In Greek mythology, Orpheus, the son of Apollo, marries a beautiful woman named Eurydice. When she dies suddenly, Orpheus descends to the underworld and brokers a deal with the resident god, Hades: If Orpheus can lead Eurydice from the depths without looking at her, then they can return to the world of the living together. Orpheus begins his ascension, but he cannot hear Eurydice’s footsteps behind him. As Orpheus nears his destination, he worries that Hades has tricked him, and he looks behind him only to see his wife, floating in ghost-like form and unable to make footsteps, and in breaking his bargain, he loses Eurydice forever. It’s a story referenced more than once in Céline Sciamma’s Portrait of a Lady on Fire, an eighteenth-century queer romance about how looking can be dangerous, even though sometimes our passions cannot help but compel our gaze. Its characters read the myth and discuss its implications at one point, and later, it’s reinterpreted in a painting, albeit with a heartrending alteration. Sciamma uses the myth to inform her film’s discussion about art, desire, and the act of looking, the persistent dynamics between the observer and the observed.   

Portrait of a Lady on Fire won the 2019 Best Screenplay award at the Cannes Film Festival, as well as the Queer Palm award.

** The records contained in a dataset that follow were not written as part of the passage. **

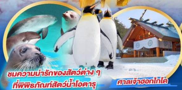
ชมความน่ารักของสัตว์ต่างๆ ที่พิพิธภัณฑ์สัตว์น้ำโอตารุ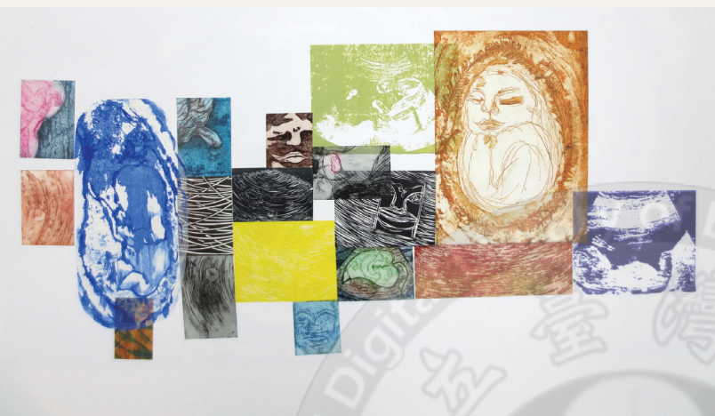
期待系列1 張維婷 79X109 併用版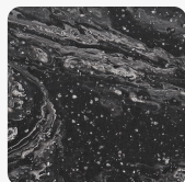
Cosmos Prima PX

повече информация http://www.jaf-bulgaria.com/shop/ploskosti/mineralni-ploskosti-corianr/mineralni-ploskosti/mineralna-ploskost-corianr-cosmos-prima-px-p17230119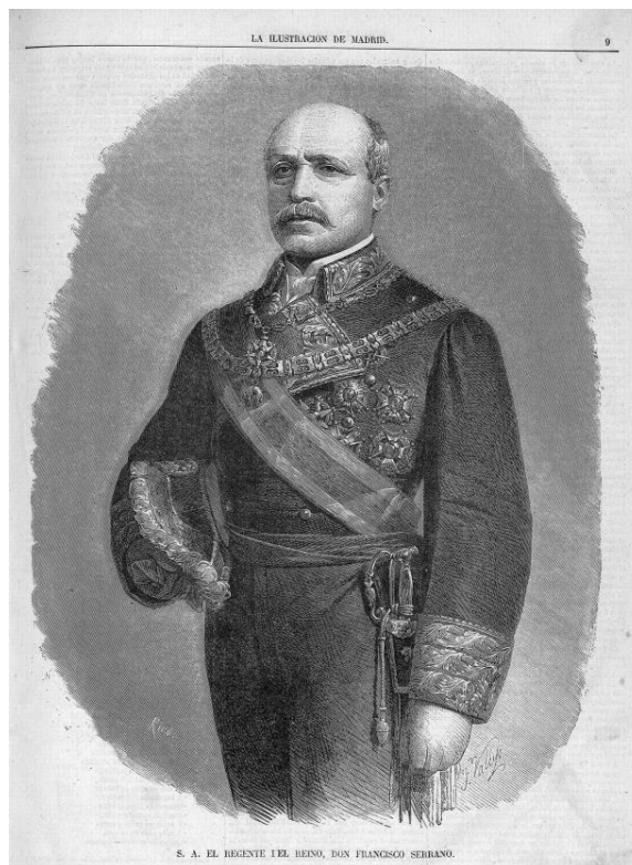
Figura 4. El Regente del Reino, D. Francisco Serrano. La Ilustración de Madrid.

de Cibeles dando esquina a la calle de Alcalá, en un coche tirado por dos caballos y pertenecientes al servicio particular del Duque de la Torre, su salida se acompaña por las correspondientes salvas de artillería. Se establece como recorrido el siguiente: calle de Alcalá, dirección Puerta del Sol y Carrera de San Jerónimo hasta el palacio de las Cortes, donde en sus alrededores destaca la instalación de tribunas, ocupadas por distintas autoridades y el Cuerpo Diplomático y una alta concurrencia en sus calles para asistir al acto. El general Serrano va en el coche sin acompañantes, abriendo la marcha “los nacionales de caballería” y un escuadrón de coraceros, a su derecha a caballo le acompaña el Capitán general de Madrid y a su izquierda el Teniente General Ramón Gómez Pulido, Director General de Caballería. Preceden al coche del regente seis ayudantes y dos piquetes de batidores de Caballería del Ejército y de Voluntarios, además de distintas autoridades militares y una escolta.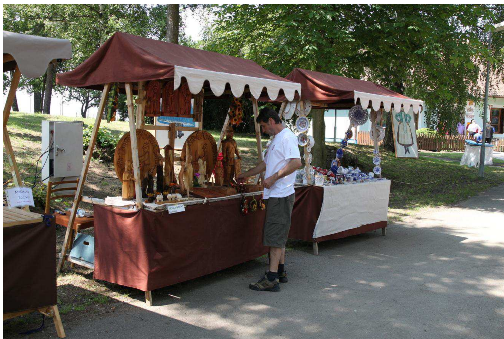
Obrázek 5 - Tvrdonický jarmark při festivalu Podluží v písni a tanci 40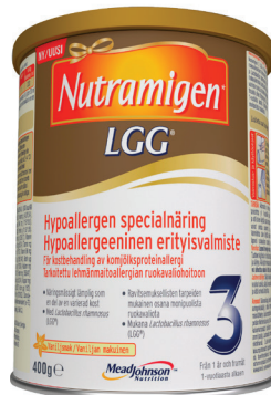
Nutramigen 3 LGG® Från 1 år och framåt med vaniljsmak

Vill du ha flera råd eller har du frågor om våra produkter? Kontakta gärna vår kundtjänst på telefon: 08-586 33 500 mellan kl 9-15 vardagar eller email: nutrition@abigo.se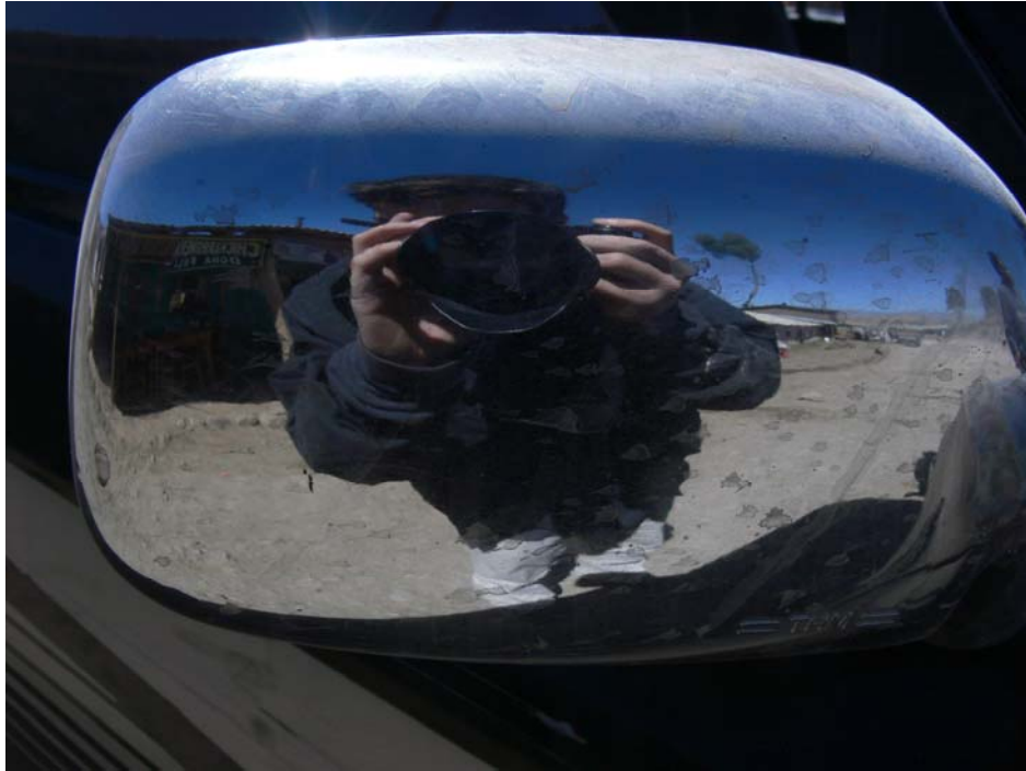
Esen Espinosa, el ojo detrás de las fotos.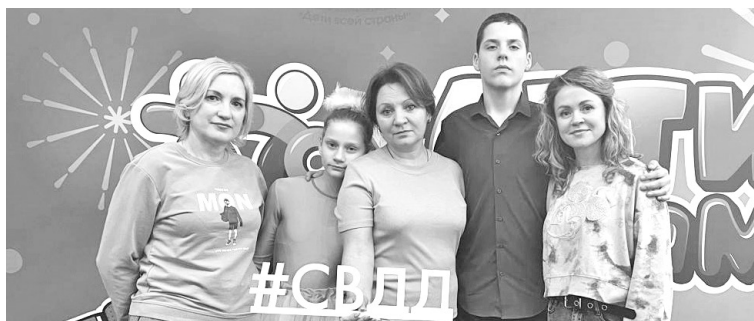
Москву повидали и себя показали!

Открытый Всероссийский конкурс народного творчества «Дети - детям» проходит в шестой раз. Творческие номера на суд жюри прислали из разных городов России. Всего на участие претендовали 3000 участников. В финал отобрали 200 самых талантливых детей из восьми федеральных округов.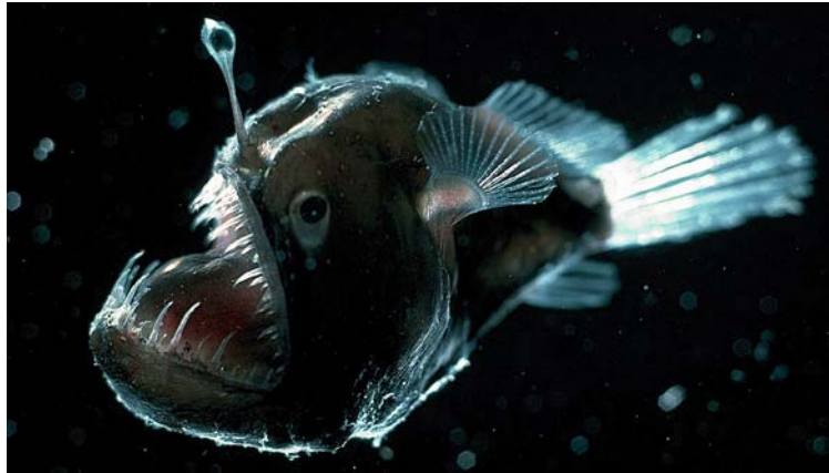
Slika 9. Morski vrag ( Melanocetus johnsonii )

Pripada porodici Lophiiformes. (Slika 8.) Zaobljena su tijela prilično nespretnog za plivanje, ali veoma praktičnog za nepomično stajanje u vodi. Koža im je glatka, tamna i bez ljustica, imaju mamac iznad glave. Nastao je izdvajanjem i produživanjem šiljka iz leđne peraje te završava nepravilnom mesnatom svjetlećom izraslinom koja im pomaže pri hvatanju hrane. (Borovac, 2001.)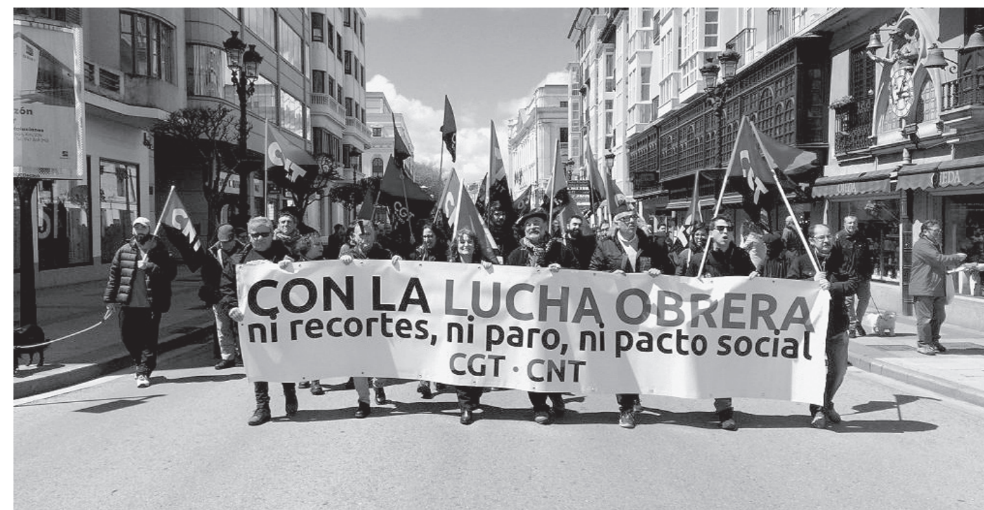
Manifestación del 1º de Mayo de 2018 en Burgos.

Los tiempos no cambian. La explotación laboral sigue vigente. Las libertades públicas se ven amenazadas con el auge de ideologías totalitarias y con las leyes regresivas de los últimos gobiernos. La mitad de la población sigue marginada y sufriendo la intolerable lacra de la violencia machista. Se niega la existencia del cambio climático y se propicia por los mercados la sobreexplotación del planeta. No, los tiempos no han cambiado tanto.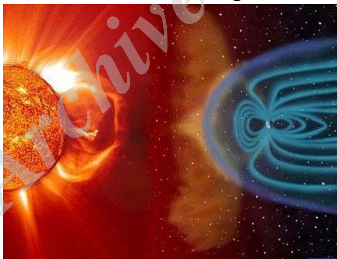
تصویر شماره ۳: لایه‌های حفاظتی در مقابل اشعه‌های مضر

۳. بادهای خورشیدی: موج مواد سنگینی که در فضا وجود دارد توسط لایهٔ مغناطیسی جو زمین (مگنتوسفر) دفع می‌شوند.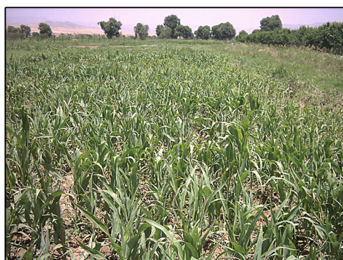
شکل ۱- مزرعه سورگوم جارویی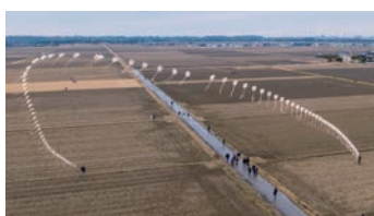
令和6年2月に揚げた連凧アーチカイトの様子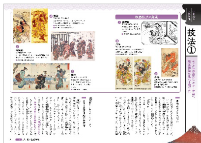
<浮世絵の基礎知識「技法①」>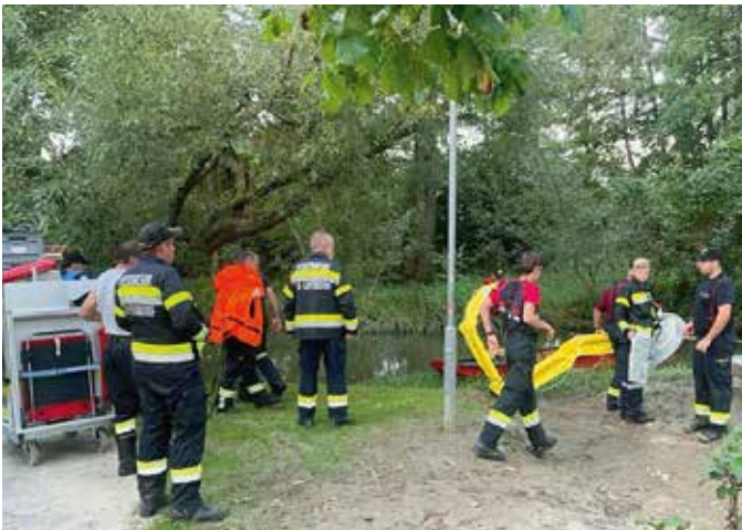
FF Fürstenfeld & Bad Loipersdorf

Am Montag, dem 21. August 2023, fand eine Monatsübung zum Thema Ölsperren gemeinsam mit den Feuerwehren Fürstenfeld, Übersbach und Großsteinbach statt. Beübt wurde der Einsatz der vom BFV Fürstenfeld neu angeschafften Ölsperren entlang der Feistritz in Fürstenfeld. Für weitere Informationen siehe: https://www.bvff.steiermark.at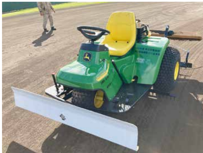
▲ 購入したスポーツレイキ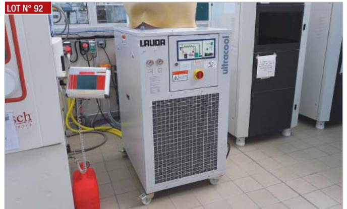
► Groupe froid LAUDA ULTRACOOOL CHILLER, année 2012 ► Cooling unit, LAUDA ULTRACOOOL CHILLER, year 2012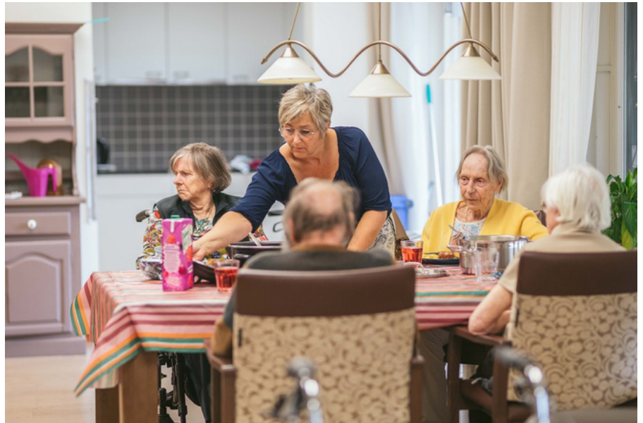
Nieuwe Regionale Zorgacademie van start: leer- en loopbaan ineen.

Nieuwe Regionale Zorgacademie van start: 'Voor herintreders en carrièreswitchers met of zonder ervaring in de zorg'; tien organisaties slaan handen ineen en bieden deelnemers een betaalde leer- én loopbaan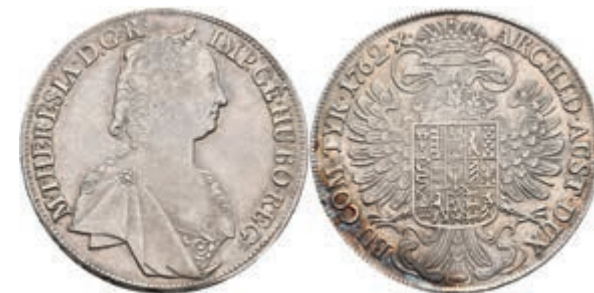
57 Taler, 1762, Maria Theresia, Hall, Dav. 1121, Eypeltauer 79, ss+. 120,—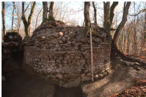
Западный фас полукруглой башни. Вид с запада.

В 2007–2008 гг. исследования крепости продолжились – отрядом под руководством В.В. Верещагина в 2007 г. была уточнена топография городища, заложены шурфы с целью определения мощности культурного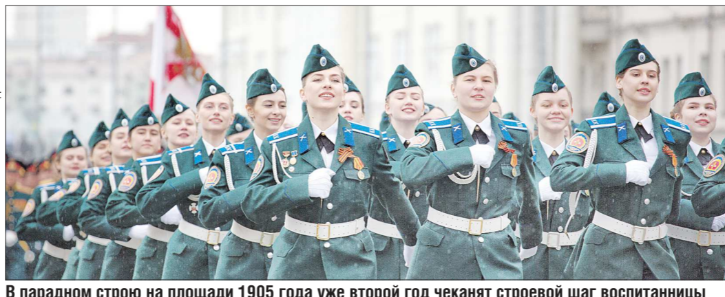
В парадном строю на площади 1905 года уже второй год чеканят строевой шаг воспитанницы Екатеринбургского кадетского корпуса Национальной гвардии России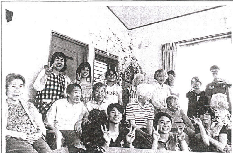
嘉藥老服系學生和日本實習機構長者及工作人員開心合影。

嘉藥校長陳鴻助表示，學校重視海外實 習，老服系和日方合作多年，早已豎立好口 碑，去年更與大陸知名企業泰禾集團簽訂產 學交流，未來學生將有機會赴北京、上海老 人機構實習或就業；除此之外，今年暑假尚 有幼保、食品、外語、餐旅、觀光、環管及 醫化等系也安排前往新加坡、泰國、日本、 大陸等地實習，加上教育部相關計畫補助 下，另有至美澳姊妹校進行研習參訪等活 動，藉此讓學生實務增能，學以致用，也強 化專業及外語能力，拓展全球視野，累積更 豐厚的國際移動力和競爭力。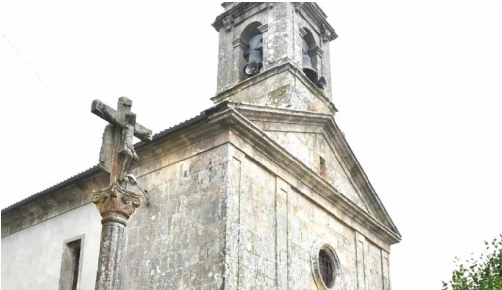
Iglesia de san mamede de torroso descuentos

It’s Sciamma’s fourth film after Water Lilies (2007), Tomboy (2011), and Girlhood (2014), each about the awakenings of queer sensation and experience among young women in their teens, each contemporary stories set around Paris. This is the French writer-director’s first period piece; however, it’s made with all the confidence and formal acuity of a master, as though Sciamma had been trained by Jane Campion, James Ivory, and Ismail Merchant. It’s also a film that owes its look to classical portraiture in its use of earth tones, muddy browns, and bright highlights on fabric and flesh. The story opens as a young painter, Marianne (Noémie Merlant), travels to an island in Brittany. She is strong-willed and independent, evidenced on the rowboat there, when a crate containing her stretched canvases falls overboard into white-capped waters, and she leaps in after them. Her self-reliance as a mercantile worker is furthered after she arrives at the estate where she will paint, and she dries her nude body by the fire, smokes a pipe, and then helps herself to bread, cheese, and wine in the kitchen. 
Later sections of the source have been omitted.